* Aim of the exercise
Exclude every picture. Output verbatim the lines from the one containing "Подкладочный рулонный гидроизоляционный" to the end of the data.

[Records from a dataset]
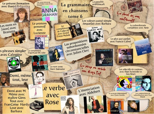 Une petite bibliothèque de chansons françaises pour introduire et travailler avec des élèves les principales notions de Grammaire. Un clic sur l’une des pochettes et voilà qu’apparaît le clip sur YouTube avec le texte des chansons. Textes et musique. Formidable. Marie propose pas moins de six tomes (...)
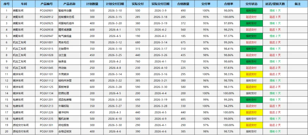 2.日期管理:计划交付日期、实际交付日期,自动计算延迟/提前天数,延迟订单标红提醒,提前订单标绿鼓励;
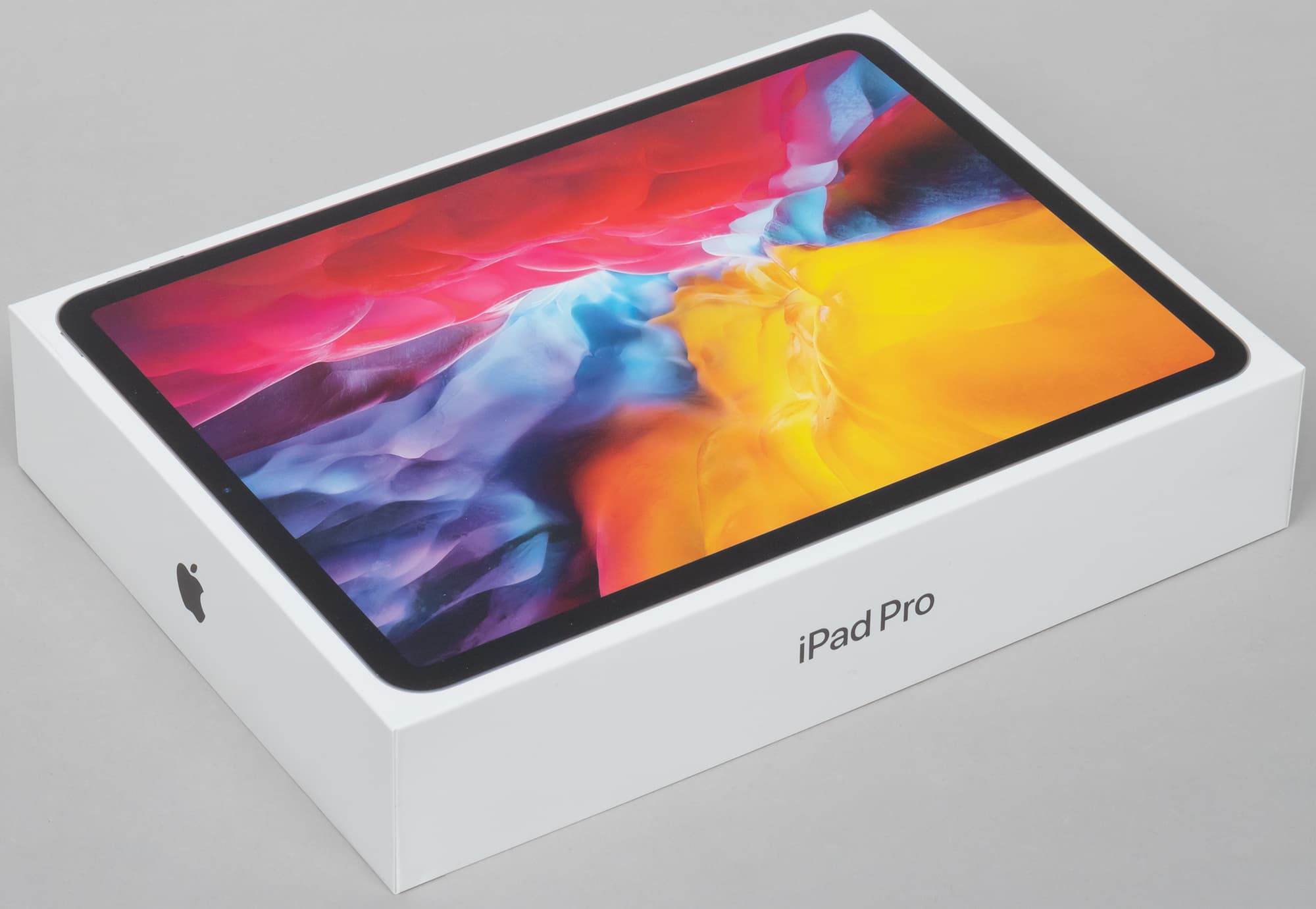 Дизайн коробки выполнен в традиционном для серии iPad Pro дизайне: почти всю внешнюю поверхность бокса заполняет изображение планшета со включенным экраном.
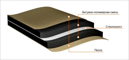 Подкладочный рулонный гидроизоляционный материал. Получают путем пропитки армирующей основы (стеклохолст) битумным вяжущим, с последующим нанесением на обе поверхности вяжущего защитных слоев. Верхняя сторона шероховатая, покрыта мелкозернистой посыпкой. В качестве защитных слоев применяют мелкозернистый песок. В одном рулоне 15 м2.
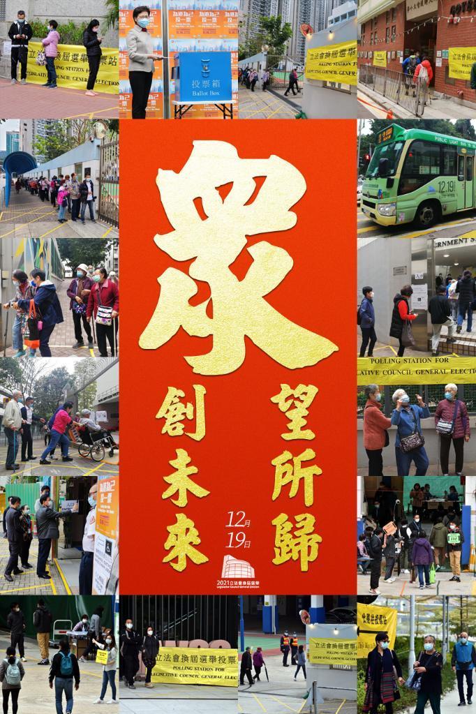 這是香港街頭的海報(12月19日攝)。香港特別行政區第七屆立法會選舉於12月19日8時30分開始投票,這是完善選舉制度後香港特區舉行的首次立法會選舉。(新華社記者 李鋼 攝)
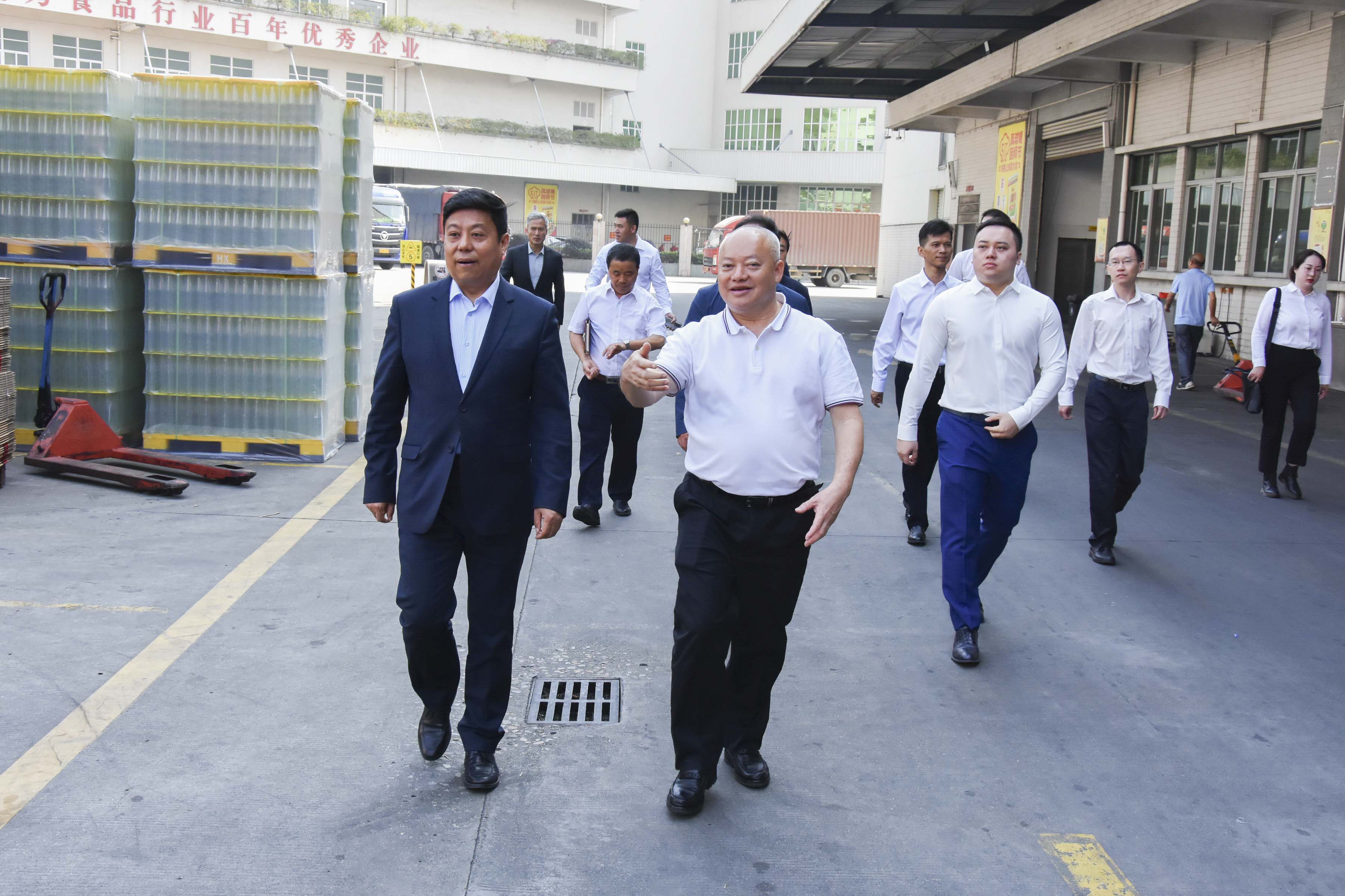 永益食品董事长王庆和、执行董事王嘉豪、监事简炼炜等人亲自接待远道而来的客人,并陪同参观东莞总部生产基地。

* Answer for the task
 Подкладочный рулонный гидроизоляционный материал. Получают путем пропитки армирующей основы (стеклохолст) битумным вяжущим, с последующим нанесением на обе поверхности вяжущего защитных слоев. Верхняя сторона шероховатая, покрыта мелкозернистой посыпкой. В качестве защитных слоев применяют мелкозернистый песок. В одном рулоне 15 м2.
 這是香港街頭的海報(12月19日攝)。香港特別行政區第七屆立法會選舉於12月19日8時30分開始投票,這是完善選舉制度後香港特區舉行的首次立法會選舉。(新華社記者 李鋼 攝)
 永益食品董事长王庆和、执行董事王嘉豪、监事简炼炜等人亲自接待远道而来的客人,并陪同参观东莞总部生产基地。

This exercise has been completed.